- Other names: CHAPLE Syndrome, DAF deficiency
- Graphic depicting the autosomal recessive pattern of disease inheritance
- CHAPLE Syndrome has an autosomal recessive pattern of inheritance
- Specialty: Medical genetics
- Symptoms: Gastrointestinal symptoms, edema, malnutrition, hypoalbuminemia, hypogammaglobulinemia, intestinal lymphangiectasia
- Causes: Genetic (autosomal recessive)
- Diagnostic method: Genetic testing
- Treatment: Eculizumab

= CD55 deficiency =

CD55 deficiency, also called DAF deficiency or CHAPLE syndrome, is a rare genetic disorder of the immune system.

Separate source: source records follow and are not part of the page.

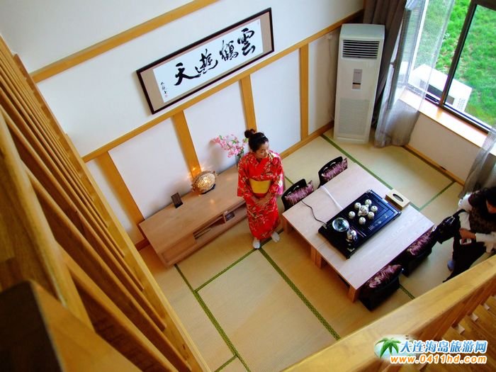 旅順香格里溫泉擁有有高檔純日式客房三十余間,所有客房均為復式上下層結構,樓下為會客室,樓上為榻榻米式客房。裝飾風格完全照搬日式格局,下榻這里猶如置身異域,所用家具擺設也以遵照日本民居習慣,環境色彩以暖色為基調,其豪華套房最為奢貴,雅致尊享,不僅配備完善,家具華貴,更有露天大臺可觀綠野山景,舒適溫馨實屬度假精品。旅順香格里溫泉客房圖片
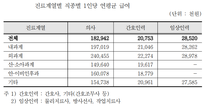 간호인력(간호사 및 간호조무사 등)은 평균 2075만원, 임상인력(물리치료사, 방사선사, 작업치료사)은 평균 2852만원으로 분석됐다.
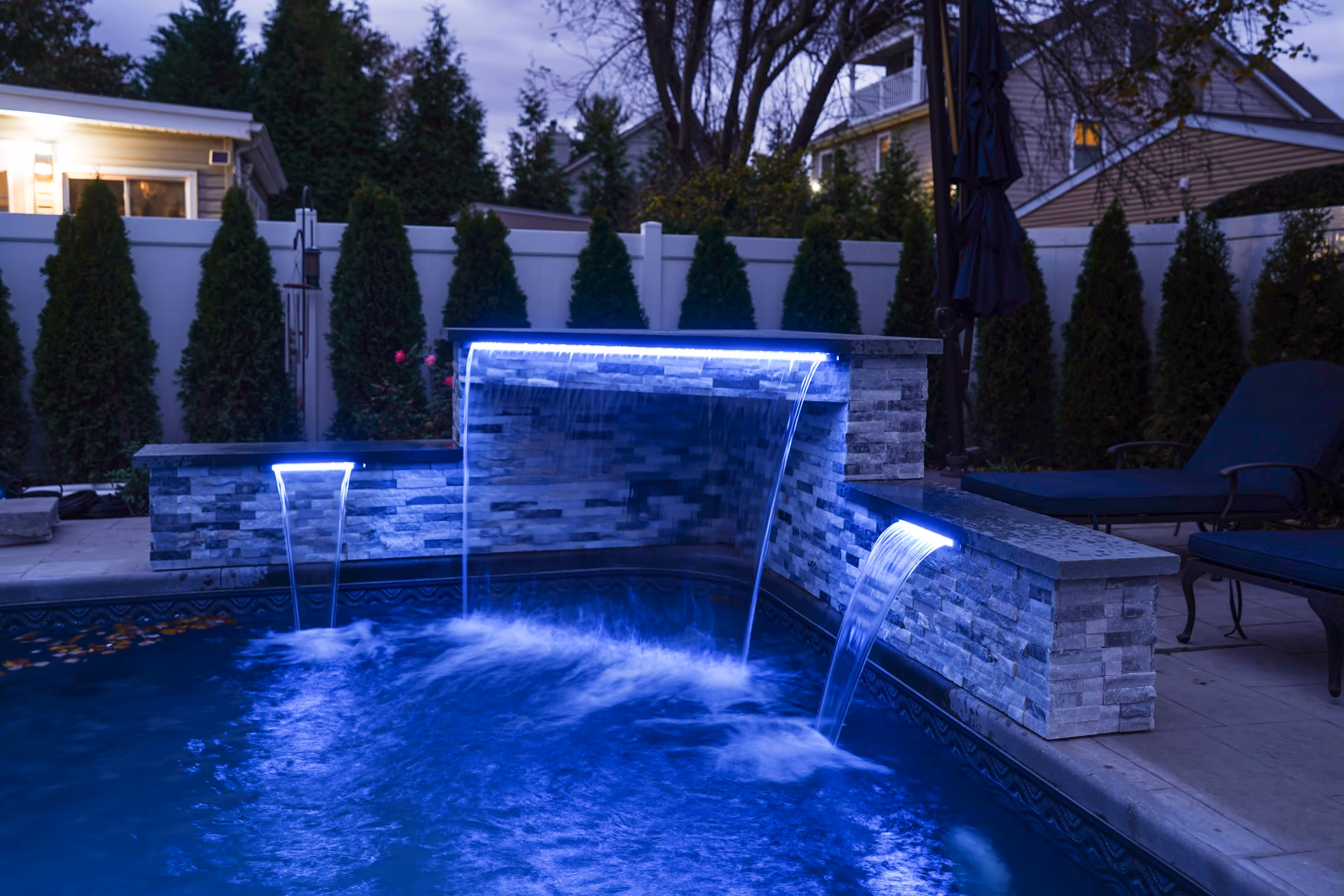 - (1) 60″ (Non LED) Waterfall, (2) 12″ (Non LED)Waterfalls
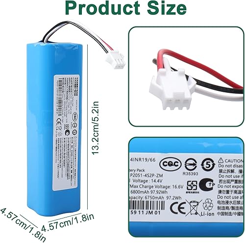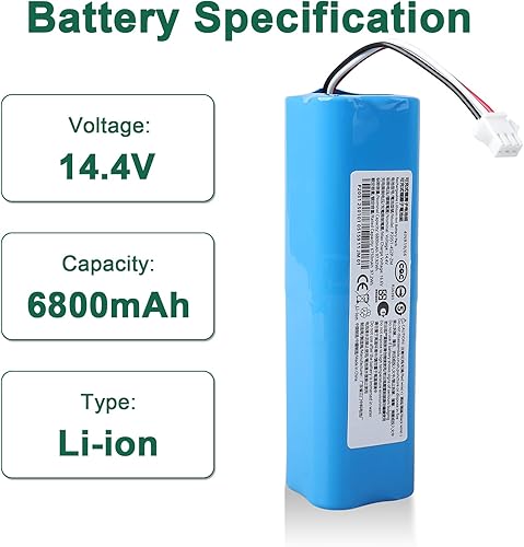 6800mAh 14.4V Li-ION Batterie de Rechange Compatible avec Proscenic M7 Pro, M8 Pro, M7 Max, LDS M7 Pro, U6, Compatibles avec Lenovo LR1 Xiaomi S9 Viomi D800 UONI V980 Max V980 Plus Aspirateur

CHAPLE stands for "CD55 deficiency with hyper-activation of complement, angiopathic thrombosis, and severe protein-losing enteropathy (PLE)." The disorder usually manifests in childhood and can be life-threatening. This condition was described by Özen, et al. in 2017.

== Signs and symptoms ==
CHAPLE is characterized by severe protein-losing enteropathy leading to hypoproteinemia. Symptoms can include abdominal pain, nausea, vomiting, diarrhea, loss of appetite, weight loss, and edema. People also have chronic malabsorption, which causes deficiencies in iron, ferritin, calcium, magnesium, folate, vitamin D and vitamin B12. Some patients may have recurrent respiratory infections associated with hypogammaglobulinemia. Severe thrombotic vascular occlusions may also be found among these patients.

== Genetics ==
CHAPLE syndrome is caused by mutations of the complement regulator CD55 gene leading to a loss of protein expression.

=== Inheritance ===
CHAPLE syndrome is primarily inherited in an autosomal recessive manner. This means that usually a child inherits a copy of the mutated gene from both parents, resulting in a homozygous defect.

== Pathophysiology ==
CHAPLE syndrome is characterized by complement-mediated autoimmune hemolysis and paroxysmal nocturnal hemoglobinuria. The protein CD55 (also called decay-accelerating factor) helps to regulate the complement cascade, part of the innate immune system, by regulating the amplification phase. When CD55 is absent, the complement system attacks red blood cells and causes them to be destroyed (hemolysis).

== Diagnosis ==
CHAPLE syndrome patients are generally diagnosed through a combination of clinical presentation, histology, and genetic testing. Although symptom presentation may vary, patients generally present with early-onset gastrointestinal symptoms, edema, malnutrition, hypoalbuminemia, and hypogammaglobulinemia. Histopathological assessment of intestinal biopsy samples or resections revealed extensive lymphangiectasia, and suggest a diagnosis of primary intestinal lymphangiectasia. Patients are also susceptible to large-vein thrombosis.

== Treatment ==
Once a diagnosis is made, the treatment is based on an individual's clinical condition. Kurolap and colleagues treated patients with off-label eculizumab, a humanized anti-C5 monoclonal antibody and complement inhibitor, and it was shown to have beneficial outcomes over an 18-month period. Investigators at Marmara University in Istanbul, Turkey, and the National Institute of Allergy and Infectious Diseases at the US National Institutes of Health in Bethesda, Maryland currently have clinical protocols to study new approaches to the diagnosis and treatment of this disorder. Pozelimab is the first therapeutic approved for treatment of CHAPLE disease, receiving FDA approval Aug 2023.